5. Terugbetaling van subsidies en renteloze voorschotten

5.1. Subsidies als genoemd onder 2.1 en 2.3 dienen over het algemeen voor de helft te worden terugbetaald

  • wanneer de student zijn/haar studie niet voltooit;

  • wanneer de student binnen vier jaar na voltooiing van zijn/haar studie elders gaat werken, ondanks werkmogelijkheden binnen de Oud-Katholieke Kerk van Nederland op het niveau van zijn/haar opleiding.

5.2. Renteloze voorschotten dienen altijd te worden terugbetaald, tenzij er redenen bestaan die het bestuur doen besluiten tot vervallenverklaring van de schuld.

5.3. De terugbetalingsregeling start op 1 januari volgend op de einddatum van de opleiding of de periode waarover de subsidie of het voorschot is toegekend en uitgekeerd. Vervolgens is er een aanloopfase van 2 jaar; in deze periode hoeft niet terugbetaald te worden (dit mag natuurlijk wel). Vervolgens start de aflosfase van in principe 10 jaar, waarin per maand een bedrag gelijk aan de totale schuld gedeeld door 120 (10 jaar x 12 maanden) dient te worden afgelost. Het minimumbedrag dat per maand moet worden afgelost bedraagt € 10.

5.4. In geval van aflossingsproblemen treedt degene die moet aflossen in overleg met het bestuur. Op basis van informatie over het inkomen kan het bestuur besluiten het aflossingsbedrag per maand te verlagen.

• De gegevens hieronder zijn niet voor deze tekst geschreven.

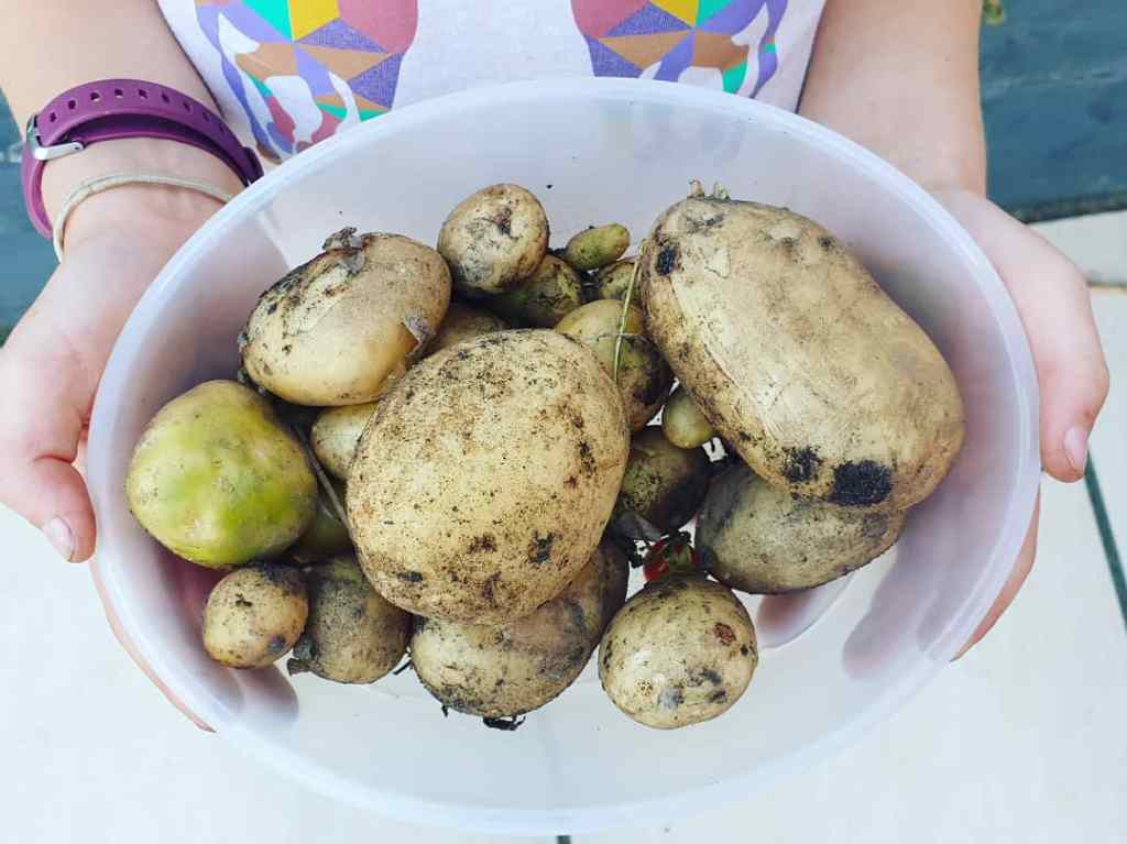 Potatoes are SO easy to grow! Take a potato that has started to sprout, plant it in some soil. We have a veg patch, but it can be done in a barrel, a bucket….even a wellington boot! You need to make sure they are quite low down in the soil, as you need to add more soil every now and then to help them along. They need plenty of water. The plants grow pretty tall! The plants flower, and when the flowers/buds go/drop off, the potatoes are ready to harvest. You don’t have to get them straight away though, we picked some of our a week later or so later, and they were fine.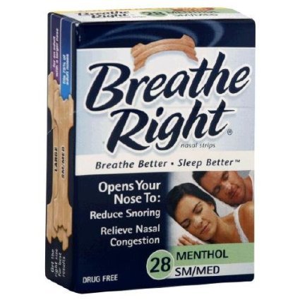 Breathe Right 28 ct. Mentholated Vapor Strips for cold and allergy relief. This pack contains small/medium size nasal strips. This size fits the majority of adults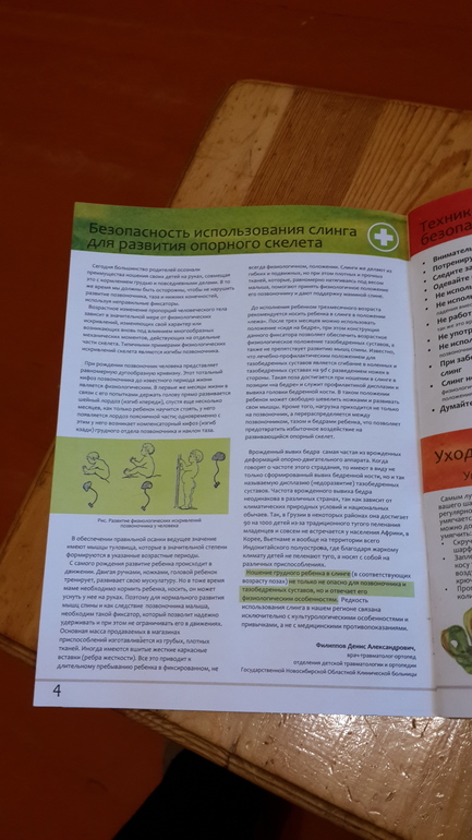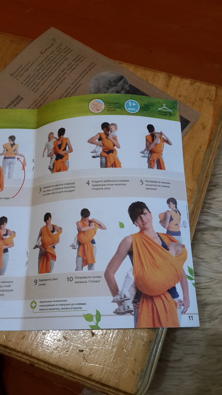 Ну и замечательная инструкция: в начале весьма дельная статья о принципах ношения детей, написанная врачом ( иногда это очень важно, например для мужа или бабушки ). Жалею, что не сфотогрвфировала более подробно, чтобы текст был разборчив

5.5. De schuld zal in het algemeen zijn afgelost 10 jaar nadat met aflossen is begonnen. Wanneer dit niet het geval is, kan de aflosfase bij wijze van uitzondering maximaal 15 jaar omvatten.

6. Voorlichting aan de studenten

De studenten van het Oud-Katholiek Seminarie worden via de website van het studiefonds op de hoogte gesteld van de subsidiemogelijkheden en van de wijze waarop een aanvraag bij de coördinator kan worden ingediend.

Daarnaast is er de website van het seminarie met informatie over de studie.

Algemene informatie over de Oud-Katholieke Kerk is te vinden op de website van de landelijke kerk.